◆ **Provided data**
= = = = = = =

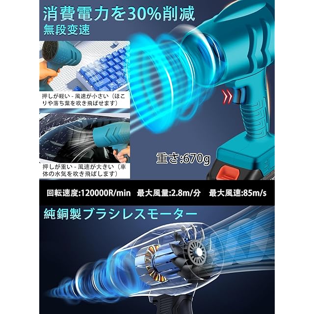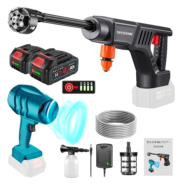 【2025新登場洗車セット】洗車機 高圧 洗浄機 コードレス 充電式 ブロワー付属(マキタ電池互換・長い寿命2本4Ahバッテリ残量表示付)車両用&庭落ち葉楽に掃除・無段階変速&自動水圧調整(8Mpa自吸タイプ水流が強いし・52dBとても静かです・1.3kg軽量・6in1防錆ノズル・5M延長ホース付き) 小型 家庭用 女性でも 操作が簡単 防塵・防水仕様なので PSE認証&日本語取扱説明書–黒青
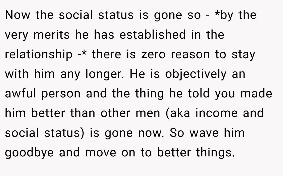 User soIita made a sharp point — if the only thing he brought to the table was money, and now even that’s gone, why would anyone expect her to stay?
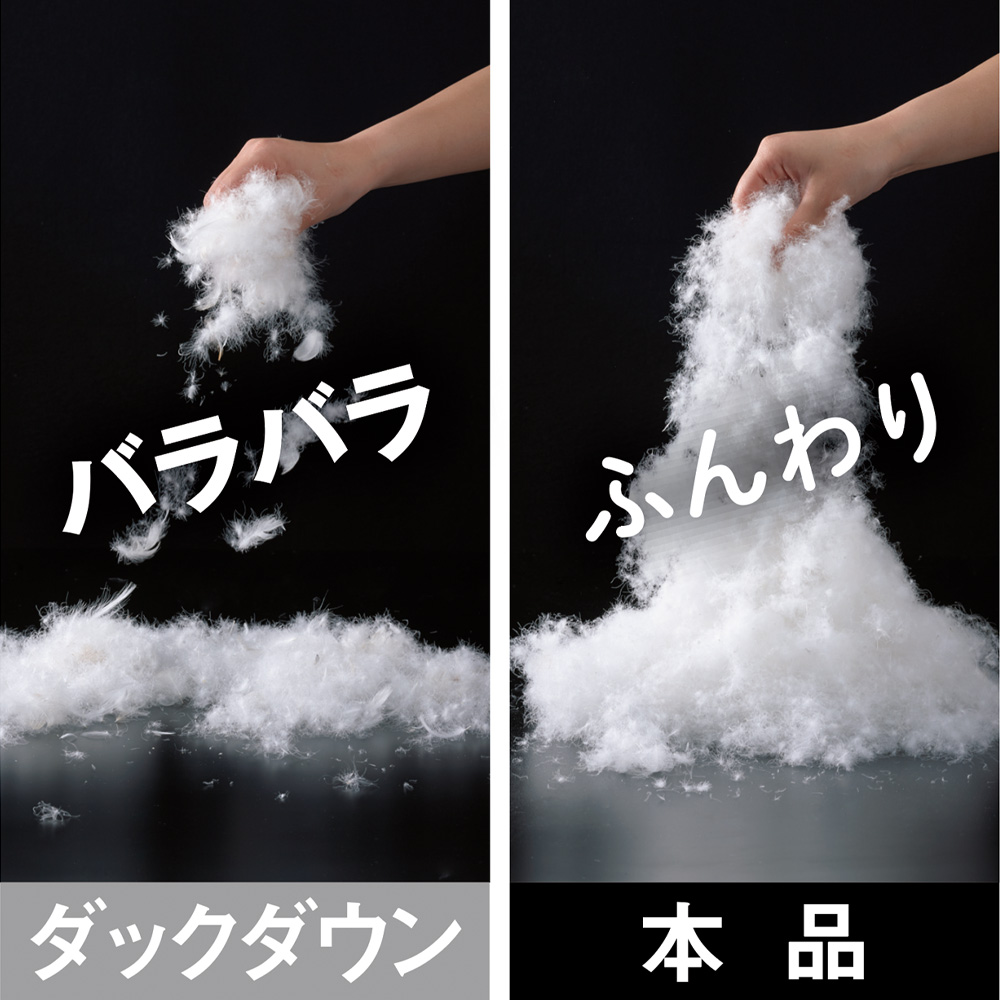 大きく成長したダウンボールは、長くしなやかな羽枝を広げ、それが複雑に絡み合うことで、弾力性と豊かなボリュームを生み出します。またあたたかさを溜めこみ、ふんわりもっちりとしたまるで雲のような掛け心地を生み出します。
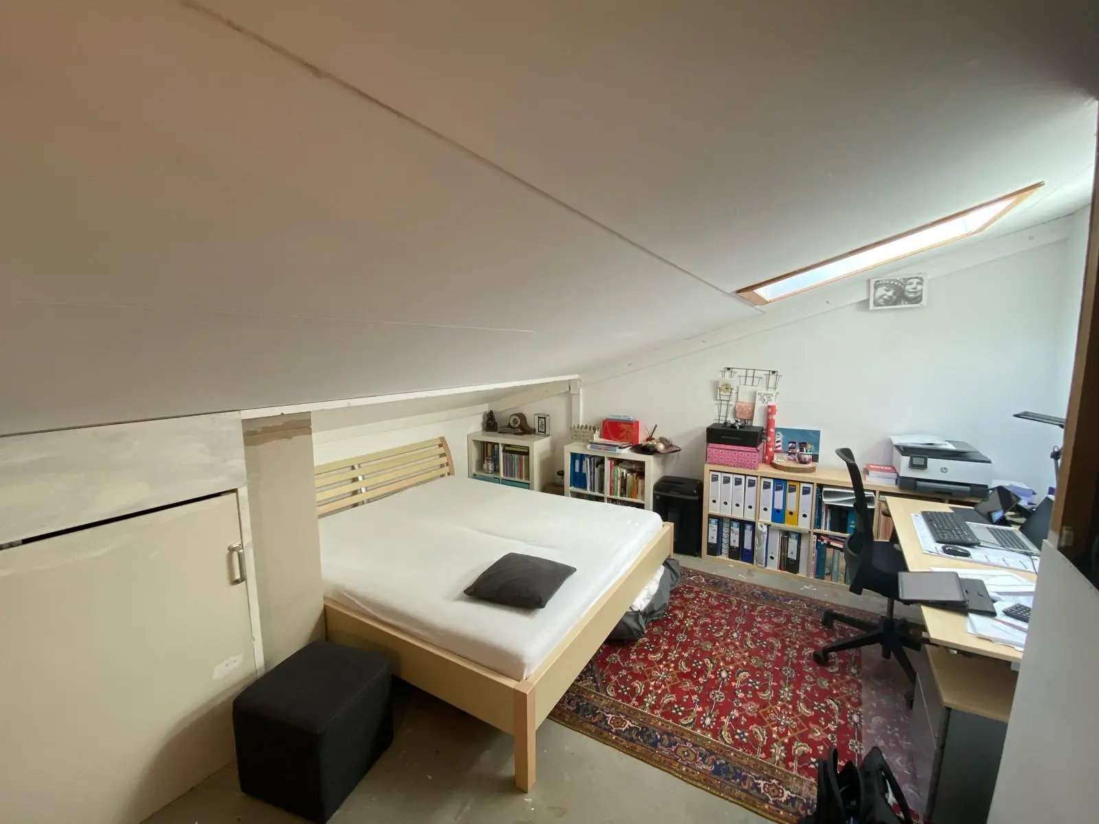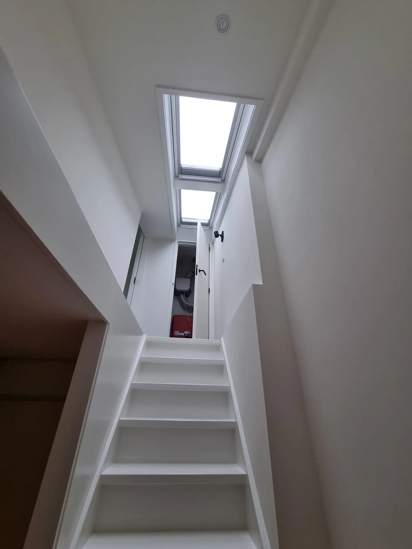 Op de zolder hebben wij het door derden geplaatste dakkapel geheel afgewerkt met gips, stukwerk en schilderwerk. Wand en schuifdeur tussen nieuwe slaapkamer en trapopgang geplaats. CV ketel en MV box verplaatst naar zolder. In het dak boven de trap naar zolder hebben wij een dubbel dakraam van Velux geplaatst en afgewerkt.
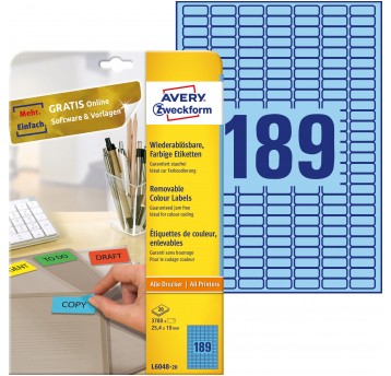 Etykiety usuwalne kolorowe Avery Zweckform, A4, 20 ark./op., 25,4 x 10 mm, niebieskie
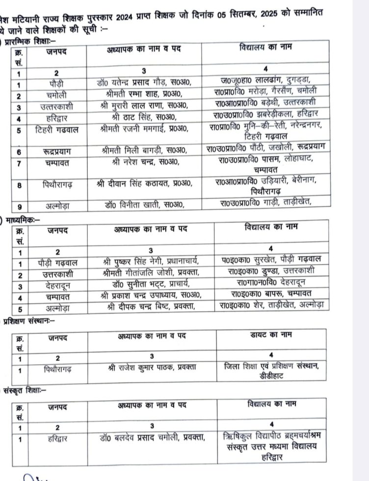 समारोह में राज्यपाल लेफ्टिनेंट जनरल गुरमीत सिंह (से नि), मुख्यमंत्री पुष्कर सिंह धामी और शिक्षा मंत्री डॉ. धन सिंह रावत ने वर्ष-2024 में शैलेश मटियानी राज्य शैक्षिक पुरस्कारों के लिए चयनित 16 शिक्षक एवं शिक्षिकाओं को सम्मानित किया। वर्ष-2024 में चयनित 09 प्रारम्भिक शिक्षक, 05 माध्यमिक शिक्षक, 01 शिक्षक प्रशिक्षक एवं 01 संस्कृत शिक्षक को यह सम्मान प्रदान किया गया है। (सूची संलग्न)
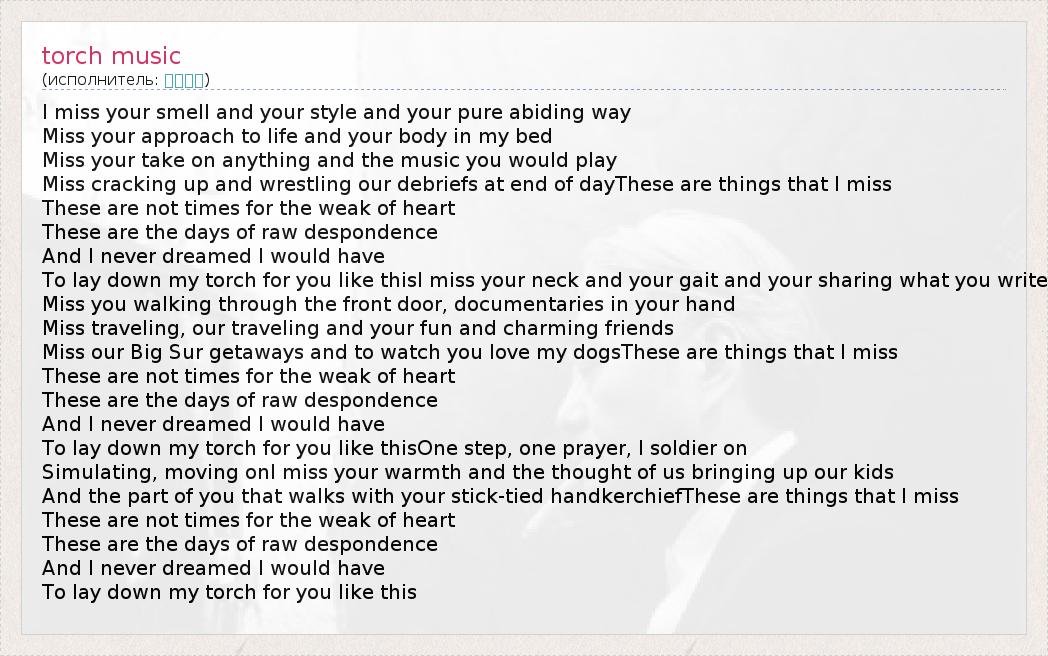 To lay down my torch for you like thisI miss your neck and your gait and your sharing what you write

= = = = = = =

From the records above, transcribe only the stretch from the line with "Op de zolder" through the line with "Etykiety usuwalne kolorowe", keeping both ends. Omit pictures.

◆ **Output of the exercise**
 Op de zolder hebben wij het door derden geplaatste dakkapel geheel afgewerkt met gips, stukwerk en schilderwerk. Wand en schuifdeur tussen nieuwe slaapkamer en trapopgang geplaats. CV ketel en MV box verplaatst naar zolder. In het dak boven de trap naar zolder hebben wij een dubbel dakraam van Velux geplaatst en afgewerkt.
 Etykiety usuwalne kolorowe Avery Zweckform, A4, 20 ark./op., 25,4 x 10 mm, niebieskie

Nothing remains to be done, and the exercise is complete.